What’s in a Name?

It used to be that if you wrote romance, you did it under a pseudonym as a matter of course. Now, though, I see a lot more writers keeping their own names and proudly pointing to their book covers. These days, if you come up with a pen name, there’s usually a reason. Maybe you work as an educator or a lawyer or some other job where you can’t comfortably risk the exposure, or you write two different genres and need to avoid confusion.

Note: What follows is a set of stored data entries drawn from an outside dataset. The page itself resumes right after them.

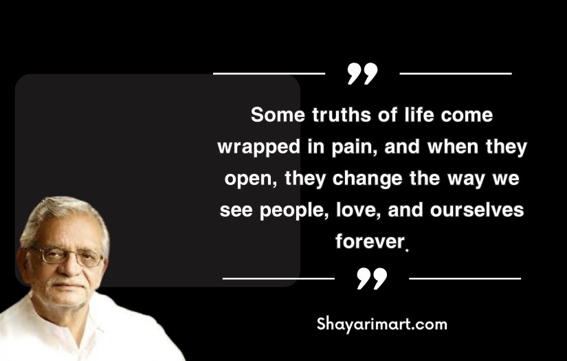 Reality Gulzar Quotes On Life encourage awareness and emotional depth. His words help readers accept truths without bitterness and find meaning in simplicity. Through gentle yet powerful expression, Gulzar turns life’s harsh realities into thoughtful wisdom that comforts the heart and awakens understanding. Heart Touching Reality Gulzar Quotes On Life | 2 Line Deep Meaning Reality Gulzar Quotes On Life | Heartfelt Reality Gulzar Quotes On Life | Reality Gulzar Quotes On Life in English | Best Reality Gulzar Quotes On Life
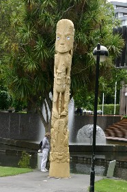 レストラン前の大きな道路を挟んで向かい側は公園になっていた。公園の中にあったトーテンポールらしき彫刻(写真右)
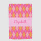 This pretty ladies personalised golf towel features orange and pink argyle with a customisable name in white text. You can edit the message to say something else if you'd like to change the message or add a last name. It's a stylish, cute gift for a golfer. It's a useful present for your mum, sister, grandma, or any lady whose hobby is playing golf. Women monogram golf towels.

Interestingly, if you look at old book titles, it seems like every pen name was Anglo. No matter what the author’s ethnicity really was, everyone was a WASP on paper. I don’t know how this came about. Woodiwiss isn’t a common name, after all. Nor is Heyer. But it seems to have evolved that way over time, and most authors seem to follow suit. Maybe because publishers believed an author’s name should be easy to pronounce, or maybe they thought it should feel familiar. Comfortable. But in so doing, romance authors’ names became homogenized to a surprisingly large extent.

When I first started writing romance, I knew I’d need a pen name because I also planned to write YA. I needed that separation between the sexy and the relatively chaste. So I came up with a name: Talia Daniels, a nod to my husband’s name. But when I went to register it, I discovered a bunch of Talia Danielses. Who knew?

So I decided to come up with a middle initial. And of course I chose Q, because, well, why not?

My husband, the aforementioned Daniel, scoffed. “What name begins with Q?”

“Quinn.”

“Use that. It sounds better than Q.”

And so Talia Quinn Daniels was born. The first time I said the name aloud was when the RWA board member called to say I was a Golden Heart finalist. It sounded awfully strange in my own ears, but I went with it. I figured I’d get used to it.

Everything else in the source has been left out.